The Serbian Orthodox Church is on a political mission, playing a political game with political means and with political results. It no longer hides that it is a political actor, that it is a veto player. It is interesting to observe the (d)evolution of its most powerful prelates in Montenegro. From Amfilohije Radović who was part of an archaic world that no longer exists, through Joanikije Mićović who purposefully destroyed all resistance and all traces of independence in the Metropolitanate and aligned it with the SNS, to the rising star Metodije Ostojić who steps on the gas, moves borders and carries out cultural shock therapy day and night, who plays to everyone. The goal is clear - the target is not Montenegrins, Bosniaks, Albanians, Croats - the target is Montenegrin Serbs. The goal is to completely and permanently change the minds of Montenegrin Serbs, present (every) Montenegro to them as an enemy state, and turn them into cannon fodder for the SNS regime. I call this process the SNS-ization of Montenegrin Serbs, drawing them into a collective psychosis and a permanent state of emergency imposed in Serbia and the entity of Republika Srpska in Bosnia and Herzegovina. The hearts and souls of Montenegrin Serbs are the main battlefield for the future, survival and health of Montenegro. In this fight, we have a duty to help and protect our fellow citizens, our friends and our members of our immediate and extended families. Maybe we will still differ in some things, but let's differ in an independent, democratic and prosperous Montenegro where everyone, regardless of our differences, will know that they are - in their own home.

In the fight against crime, there are "equals and more equals"

Some political actors claim that the key difference compared to the period before August 30, 2020, is that the fight against crime has begun, which, they say, was not the case during the DPS government. Is this noticeable from the outside, regardless of the lack of convictions?
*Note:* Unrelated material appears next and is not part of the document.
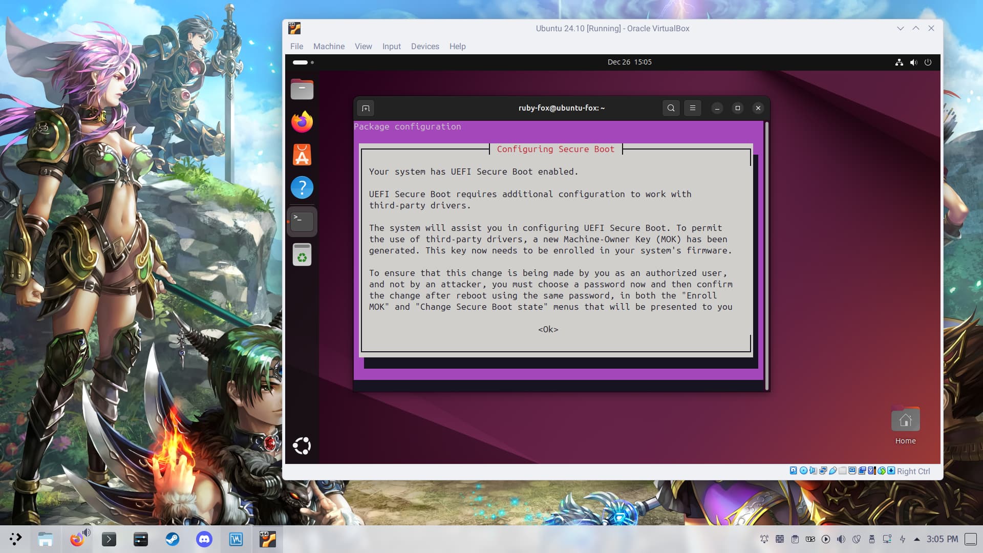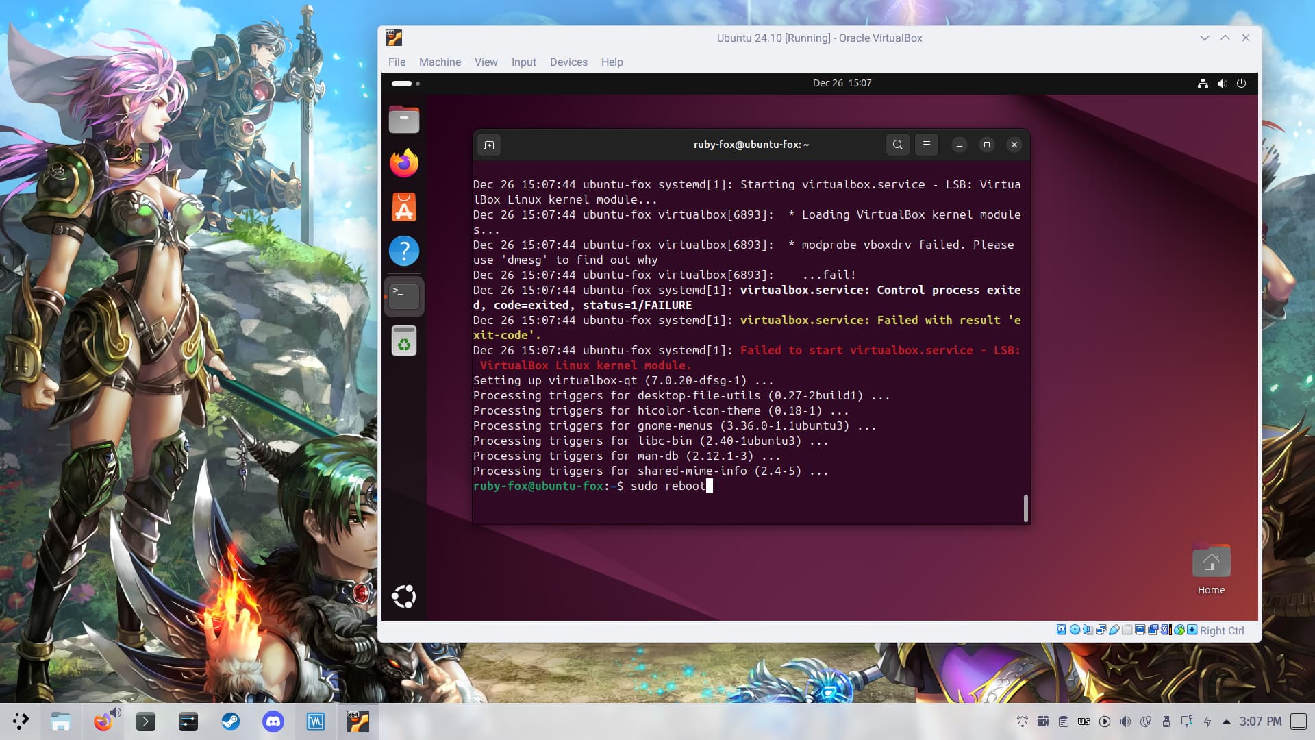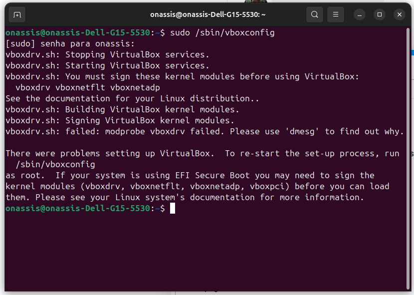 Então digitei o comando que pediu que foi o /sbin/virtualboxconfig

Every fight against crime in Montenegro should be welcomed, without "buts". What seems to me, observing these processes, is that in this fight there are equals and more equals. Namely, for Montenegro, every clan is problematic, whether it was called Kavački or Škaljarski, and it seems to me that the Kavački clan is under attack, while the Škaljarski clan has semi-preferential treatment. That is not good. I repeat - both are problematic, the problem is every clan, every state in the state. Particularly worrying are the indications of Sky correspondences that show contacts between the Škaljarski clan and the holders of power of the 30th of August changes. Sky cannot be used only in one case, and ignored in another. Whoever breaks the law must be held accountable. Whoever plants pumpkins with any criminal - must be removed from public life. Because - otherwise - one might think that the reason for the demolition of some was not moral and civilizational as is pompously claimed, but only so that others could have their turn, as the Italian mafia says - "to eat". "Now it's our turn to eat."